Moreover, in cases falling outside the Commission’s jurisdiction, the UK currently has a free hand to protect whatever interests its chooses.  Yet its own rules also limit public interest interventions to a narrow category of cases, closely mirroring those found in European legislation (although the categories can be expanded).  Alex Chisholm, the then Chief Executive of the CMA, analysed the evolution of and reasons for this approach in his 2014 Fordham speech, available here .  Any new protectionism would therefore reverse decades of industrial policy, developed in parallel with – but independently of – Europe.

Whether and when any of these changes might be implemented is a matter for speculation.  Merger control will need to take its place in the lengthy queue of national laws requiring amendment following Brexit.  New trade deals agreed with Europe or elsewhere may limit the Government’s scope to make changes, particularly any attempt to restrict foreign takeovers.  We will post further updates as the position develops.

 

 

 

Competition Damages – Chasing down a cause of action…

Once the UK withdraws from the EU, claimants will no longer have a direct cause of action based on Articles 101 and 102 TFEU nor will they be able to assert a breach of statutory duty under s.2(1) ECA 1972.  Similarly, it does not seem likely that ss. 47A(6)(c), 58A and 60 CA98, which refer to the binding nature of Commission infringement decisions, will survive.  Those provisions will, most likely, be repealed as a direct consequence of withdrawal.

The statutory cause of action based on the Chapter I and II prohibitions in the CA98 will continue to apply, under s.47A CA98, but only in respect of trade within the UK.  The scope of damages claims are likely to become more parochial, limited to national, regional or local commercial practices.

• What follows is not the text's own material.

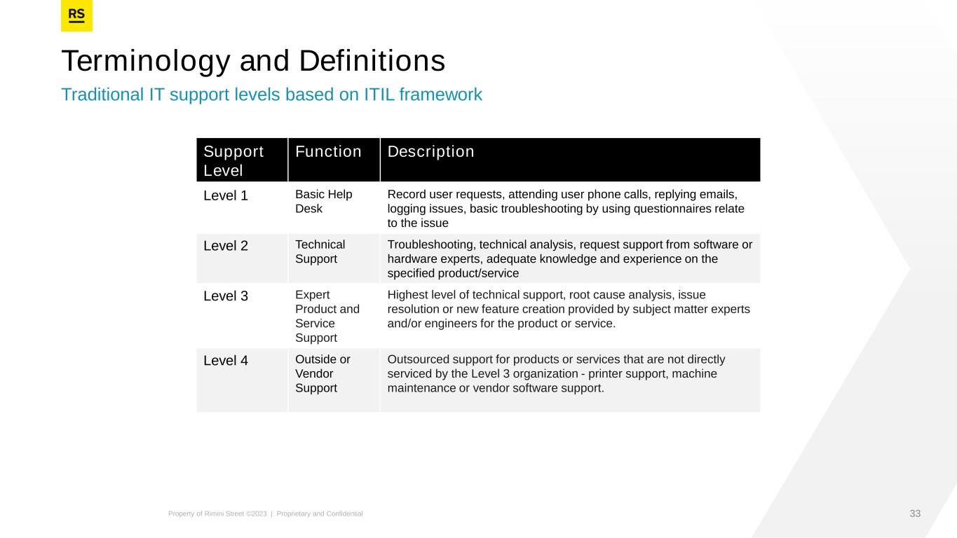 Support Level Function Description Level 1 Basic Help Desk Record user requests, attending user phone calls, replying emails, logging issues, basic troubleshooting by using questionnaires relate to the issue Level 2 Technical Support Troubleshooting, technical analysis, request support from software or hardware experts, adequate knowledge and experience on the specified product/service Level 3 Expert Product and Service Support Highest level of technical support, root cause analysis, issue resolution or new feature creation provided by subject matter experts and/or engineers for the product or service. Level 4 Outside or Vendor Support Outsourced support for products or services that are not directly serviced by the Level 3 organization - printer support, machine maintenance or vendor software support. Terminology and Definitions Property of Rimini Street ©2023 | Proprietary and Confidential 33 Traditional IT support levels based on ITIL framework

So how can competition damages claims for EU cartels continue to be brought in the UK?  Claimants would not be able to invoke Articles 101 and 102 TFEU directly in damages claims and would not have an automatic right to “follow-on” damages. It may be argued that infringement findings in a Commission decision should be regarded as ‘foreign’ law relating to public policy which the English courts should not readily apply or enforce. Even if an English Court were willing to have regard to such findings, they would only count as “foreign law” with the status of one piece of factual evidence that the court would have to weigh alongside other evidence.

That risk could be mitigated by statutory provisions to the contrary or if the UK entered into a trade agreement with the EU, which specifically provided for the application of EU competition rules in cases where common trade between the UK and the EU is affected.[1]

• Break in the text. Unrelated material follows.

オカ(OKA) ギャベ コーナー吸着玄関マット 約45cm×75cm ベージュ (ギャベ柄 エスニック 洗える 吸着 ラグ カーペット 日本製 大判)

Alternatively, if the UK were to join the EEA, then a substitute enactment to s.2(1) ECA 1972 could incorporate the provisions of the EEA Agreement, including Articles 53 and 54 EEA, although they would not have direct effect in the same way as provisions of the EU Treaties.  The EFTA Court has recognised the public policy in encouraging private enforcement as a means of ensuring the effectiveness of competition law and has followed Courage,[2] Manfredi[3] and Donau Chemie[4] in its case law.[5]

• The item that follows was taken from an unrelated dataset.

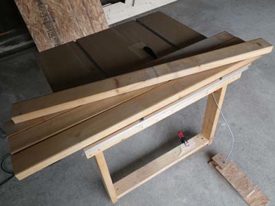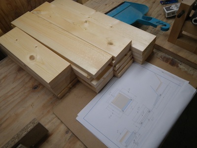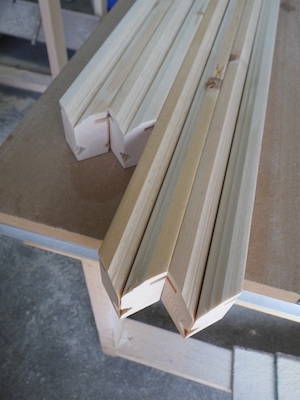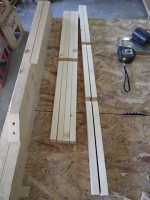 1x4の端材を必要な幅・長さに切ってテーブルソーで相欠き加工。

The implications of these complexities on the jurisdiction of the English Courts is discussed in a recent article by Anneli Howard published by Jordans in the Brexit edition of the Competition Law Journal available here.


[1]  See, for example, Article 35 of the EU/South Africa Trade, Development and Cooperation Agreement (1999) OJ L 311/03.

[2] Case C-453/99 Courage Ltd v Crehan [2001] E.C.R. I – 6297

[3] Case C-295/04 Vincenzo Manfredi v Lloyd Adriatico Assicurazioni SpA [2006] E.C.R. I – 6619

[4] Case C-536-11 Bundeswettbewerbsbehörde v Donau Chemie AG and others, EU:C:2013:366.

[5] Case E-14/11 DB Schenker v EFTA Surveillance Authority (‘DB Schenker I’) [2012] EFTA Ct. Rep. 1178, paras 132 and 189.